In Bank of Cyprus Limited v Menelaou  UKSC 66, the Supreme Court upheld the decision of the Court of Appeal that a lender can rely on subrogation of the unpaid vendor’s lien in cases of unjust enrichment to protect their security when a charge is not registered over the property. As such, lenders have a potential equitable remedy which allows them to seek an order for sale under section 90 of the Law of Property Act 1925 when a charge to secure purchase funds has not been registered.
Rush Green Hall was a property owned jointly by Mr and Mrs Menelaou, the parents of the Defendant, with two charges registered over it to secure monies loaned by the Claimant. In 2008, Mr and Mrs Menelaou decided to sell their property and move into a smaller family home, which would be purchased in the name of their daughter, Melissa Menelaou, to be held on trust for her younger siblings. The funding to secure the purchase came from Bank of Cyprus Limited (‘the Bank’) releasing their charges over Rush Green Hall on the condition that they be paid £750,000 from the sale proceeds and have a charge registered over the new property. The charge was registered over the new property when Melissa Menelaou became the registered proprietor, however it transpired that she had not been made aware of the charge - she alleged that she had never signed the charge document and that the contents of the document had been modified by the solicitors acting in the purchase without consulting her. It was accepted by the Bank and by the conveyancing solicitors during the trial that the charge was void. The question before the court was therefore the remedies available for the Bank and how they could protect their position. The Bank claimed that, as the funds used to purchase the property originated from the charges over Rush Green Hall, the law entitled them to be subrogated to the unpaid vendor’s lien as a remedy against Melissa Menelaou’s unjust enrichment, thus enabling them to claim a charge over the property.
Relying significantly on the case of Beneditti v Sawiris  UKSC 50, the Supreme Court held that Melissa Meneloau had, through no deliberate wrongdoing on her own part, been unjustly enriched, having been able to obtain the freehold property free from the intended charge while the Bank lost the protection of its registered charge. While there had been no direct payment of the purchase funds from the Bank to Melissa Menelaou (as there would be in the case of a standard mortgage transaction), both Lord Clarke and Lord Neuberger found that it was enough to show a “sufficient causal connection” between the loss to the Bank and the benefit to Melissa Menelaou.

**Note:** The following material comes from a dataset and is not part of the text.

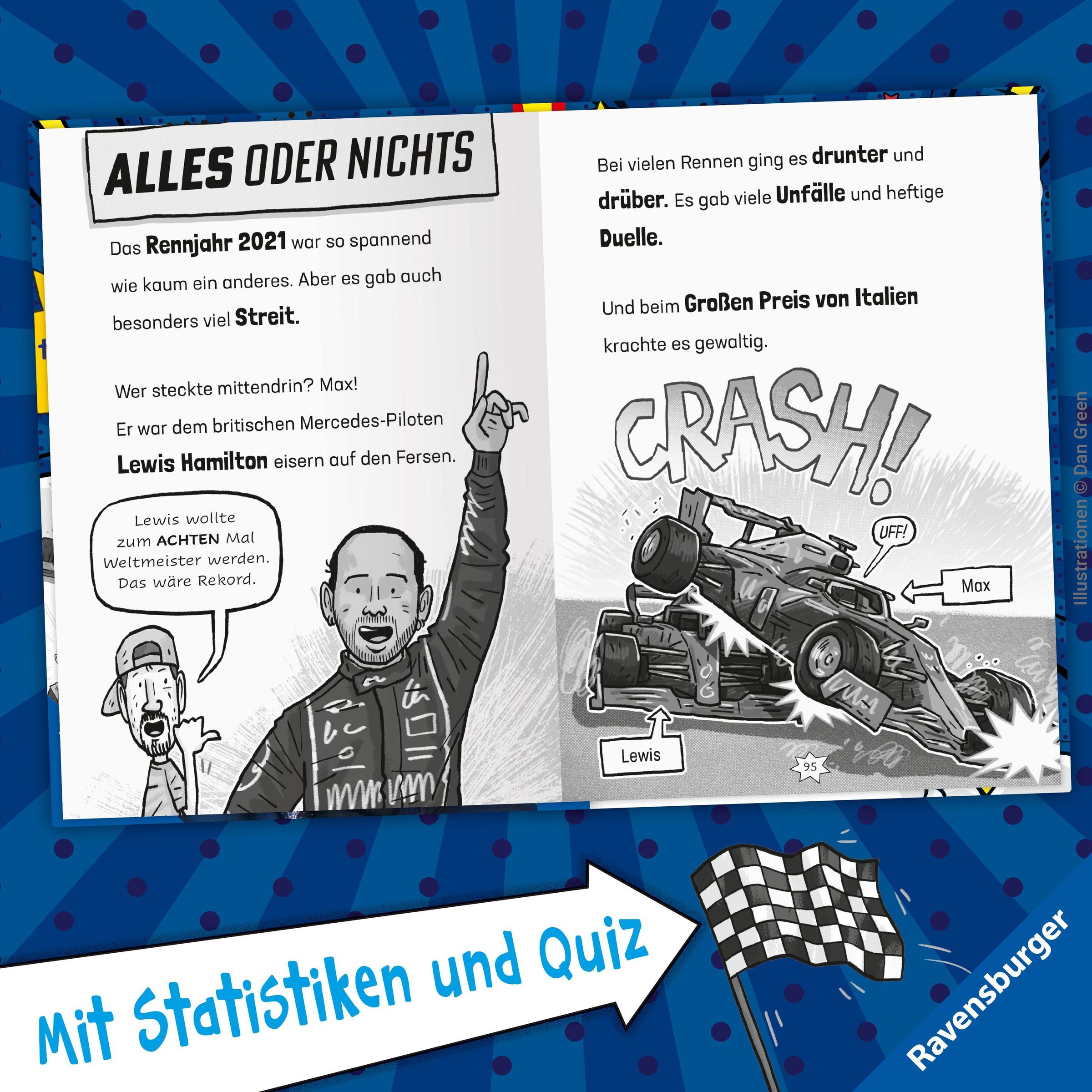Das perfekte Rennsport-Geschenk für Jungen und Mädchen, die gar nicht genug Wissen über Verstappen sammeln können. In einer Geschichte lesen sie alles über seinen Weg vom Kart fahrenden Jungen bis zum Formel-1-Weltmeister: Wollte er immer Profi-Rennfahrer werden? Bei welchen Rennställen war er? Und was waren seine wichtigsten Rennen und Rekorde? In kindgerechten Statistiken können sie Spannendes über ihr Rennfahr-Idol lernen und sich im Verstappen-Quiz testen. So geht Lesenlernen mit Tempo!

The matter to be decided, therefore, was what remedy was available to the Bank.
Subrogation of the Unpaid Vendor’s Lien
Significant consideration was given to Lord Justice Hoffman’s comments in Banque Financière de la Cité v Parc (Battersea) Ltd  1 AC 221, in particular the definition of subrogation as an equitable remedy available in cases of unjust enrichment. Lord Neuberger in particular found that subrogation of the unpaid vendor’s lien, a proprietary interest usually reserved for vendors where a conveyance of property has taken effect without the full purchase price having been paid, was the most appropriate remedy in cases such as this, as it would give the Bank a right very similar to the one it was intended they would have, allowing them to seek an order for sale by relying on s.90 Law of Property Act 1925, rather than relying on a power of sale under a valid registered charge.
While a similar view to the above was taken by Lord Clarke, Lord Wilson and Lord Kerr, it is worth noting that while Lord Carnworth agreed that the Bank could rely on subrogation, he reached this conclusion based on different reasoning to the rest of the court, taking the view that the Bank could rely on the traditional rules of subrogation by finding a tracing link between the Bank and the funds used in the purchase of the property.
The Supreme Court’s decision in Bank of Cyprus Limited v Menelaou  UKSC 66 will be a welcome one for lenders, providing important protection in situations where a charge is void due to allegations of forgery. In confirming that the Bank could rely on subrogation of the unpaid vendor’s lien to remedy unjust enrichment, the court placed the Bank in as close a position as possible to the position it would have been in had the charge over the new property been correctly registered as intended rather than being placed in the position of an unsecured creditor. While the equitable nature of the remedy does leave a lender’s enforcement options at the discretion of the court rather than being able to seek possession in the usual way, it does provide a lender with the ability to request an order for sale pursuant to section 90 of the Law of Property Act 1925 and thus provides a level of protection for lenders who are unable to rely on a registered charge to secure the loaned purchase funds.